An investigation into Sunitinib malate nanoparticle production by US- RESOLV method: Effect of type of polymer on dissolution rate and particle size distribution

The present study practiced ultrasonic-assisted rapid expansion of a supercritical CO2 solution into a liquid solvent (US-RESOLV) process for the synthesis of nanoparticles (NPs) of Sunitinib malate for the first time. Hydrophilic polymers including hydroxypropyl methylcellulose (HPMC), poly (vinyl alcohol) (PVA), chitosan (CHI) and polyethylene glycol (PEG) were utilized for modifying the size distribution and increasing the dissolution rate of the Sunitinib malate NPs. Also, we determined the impact of pressure, nozzle diameter as well as temperature on morphology, size distribution and dissolution rate of produced particles.

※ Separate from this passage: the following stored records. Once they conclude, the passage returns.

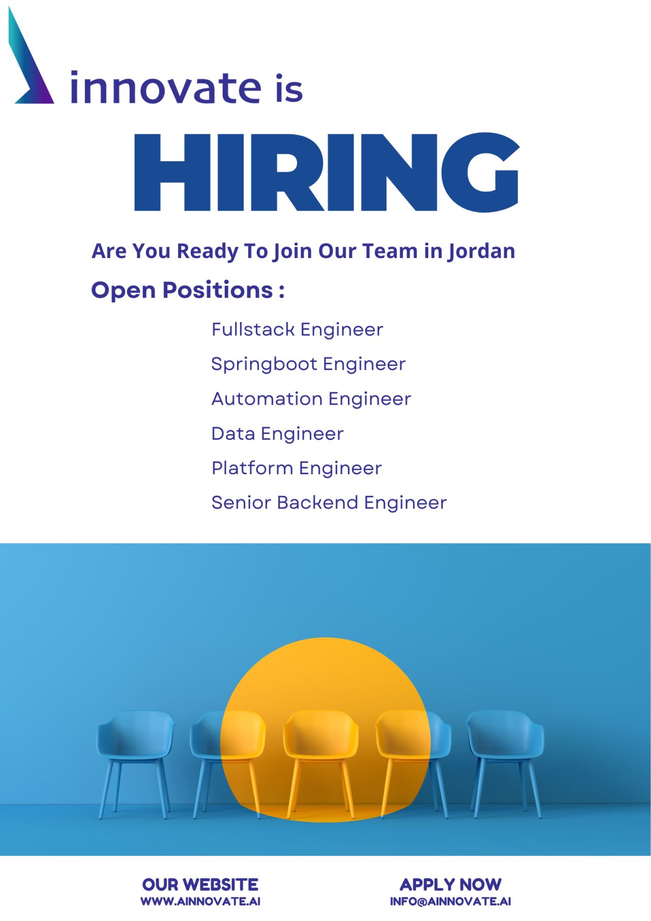 إذا كنت تبحث عن وظائف برمجة في الأردن، أو فرص عمل للمهندسين التقنيين في مجالات Backend، Full Stack، Data Engineering، وDevOps، فإن Innovate تمنحك الفرصة لتكون جزءًا من فريق يصنع حلولًا تقنية متقدمة ويؤمن بالاستثمار في الكفاءات.
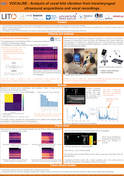 L’objectif de VOCALISE est de proposer une nouvelle approche permettant une meilleure caractérisation des dysphonies post-opératoires ou radio-induites. Il s’agit d’associer aux acquisitions optimisées ETLd des acquisitions de la vibration de chaque corde vocale en phonation simultanément à des enregistrements vocaux.
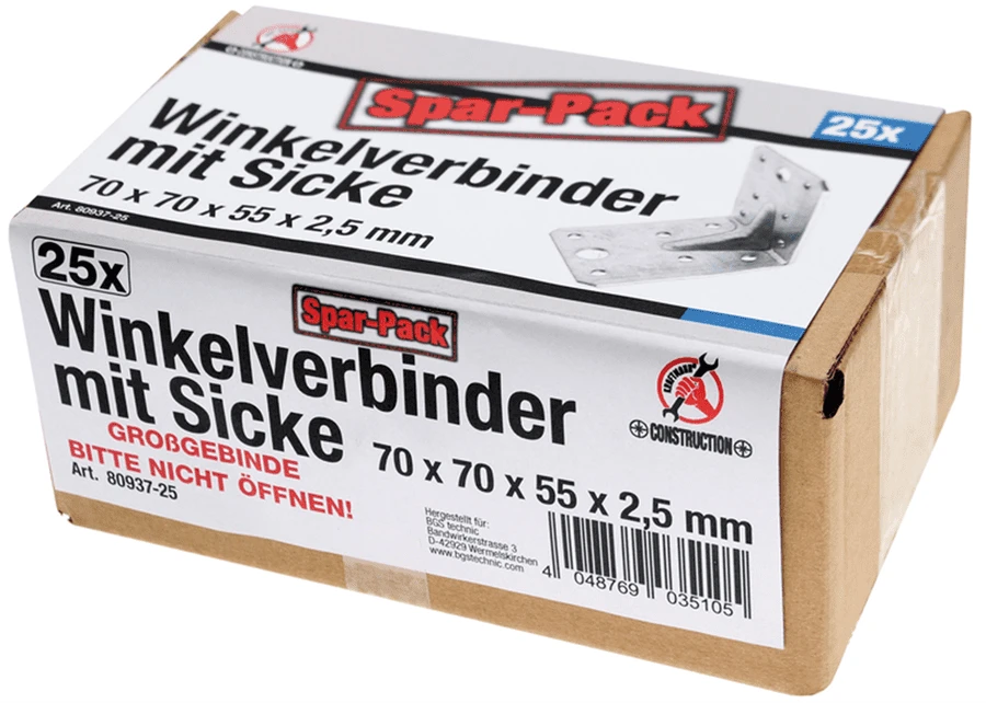 Winkelverbinder | mit Sicke | 70 x 70 x 55 x 2,5 mm | Spar-Pack | 25 Stück
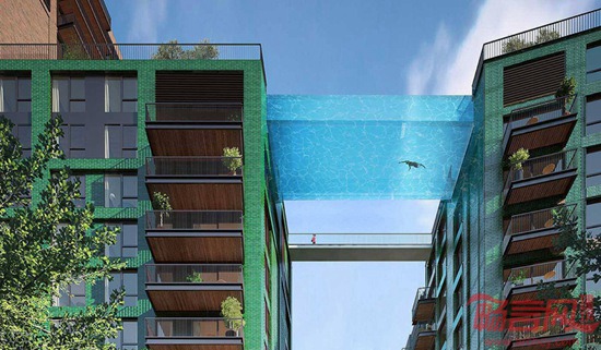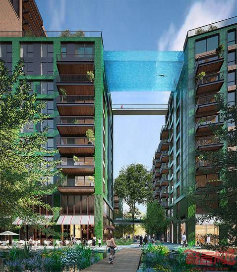 伦敦南部Nine Elms将建造一个长27米的玻璃池底泳池。项目悬吊在10层楼的高度上,将连接两座公寓楼,使用者可以在建筑之间游泳穿梭。泳池是使馆花园遗产建筑的一部分,该项目由Ballymore公司开发,由HAL建筑事务所设计,奥雅纳工程集团参与了该项目。公寓楼包括2000套住宅,包括居家办公区、健身房和屋顶酒吧。
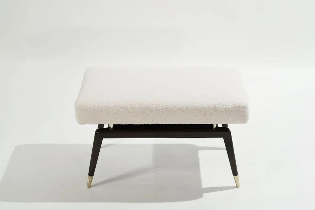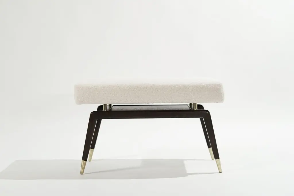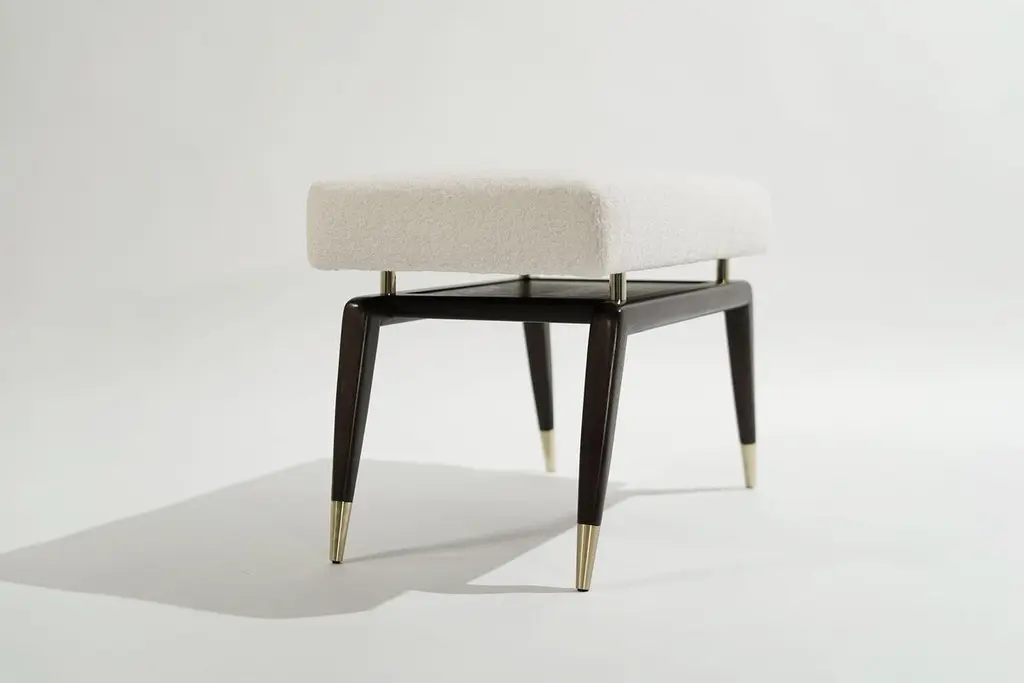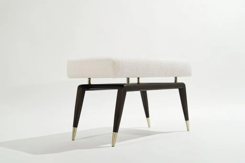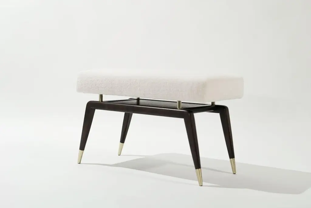 Discover The Gio Bench by Stamford Modern: Inspired by the iconic Gio Ponti, this bench seamlessly marries classic elegance with modern functionality. Its distinctive angled legs, adorned with metal sabots and risers, support a sumptuous upholstered cushion, offering both stability and luxury. Available in COM or COL, with a lead time of 5-6 weeks. Explore our range of wood and metal finishes in the images provided.Elevate your space with The Gio Bench—a testament to timeless sophistication, embodying Ponti's design philosophy. Contact us for quotes on custom dimensions and finishes to create your perfect piece.
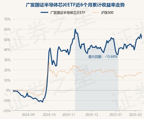 证券之星消息,2月13日,广发国证半导体芯片ETF最新单位净值为0.6352元,累计净值为1.2704元,较前一交易日下跌2.77%。历史数据显示该基金近1个月上涨7.44%,近3个月下跌3.39%,近6个月上涨50.81%,近1年上涨61.79%。该基金近6个月的累计收益率走势如下图:
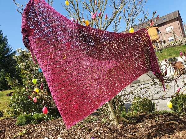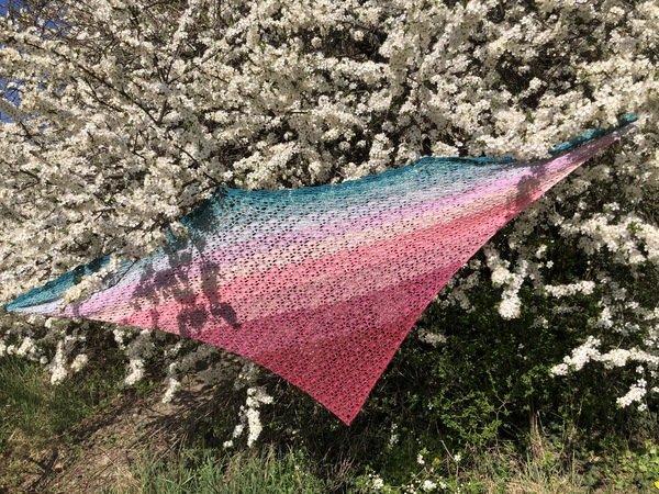 Das Tuch auf dem Titelbild wurde mit einem Bobbel Farbverlaufsgarn mit 1000 m, 3-fädig und Nadelstärke 3,25 angefertigt und misst ca. 208 x 79 cm.

In order to accomplish the objectives of the present study, PEG was the best polymer for controlling the particle size distribution and HPMC served as the best polymeric stabilizer for increasing the dissolution rate of the drug particles. The synthesized particles were much smaller (< 600 nm) in comparison to the unprocessed particles of Sunitinib malate. The combined effects of the smaller sizes of the particles, ultrasonication and the presence of polymers could enhance dissolution rate of the Sunitinib malate in the aqueous media.

Automated summary

In this study, ultrasonic-assisted rapid expansion of supercritical CO2 solution into a liquid solvent (US-RESOLV) process was utilized for the synthesis of Sunitinib malate nanoparticles (NPs) for the first time. Various hydrophilic polymers were used to modify the size distribution and enhance the dissolution rate of the NPs, with PEG identified as the best polymer for controlling particle size distribution and HPMC as the best polymeric stabilizer for increasing drug particle dissolution rate. The synthesized particles were significantly smaller (< 600 nm) compared to unprocessed particles, and the combination of smaller sizes, ultrasonication, and polymer presence led to an enhanced dissolution rate of Sunitinib malate in aqueous media.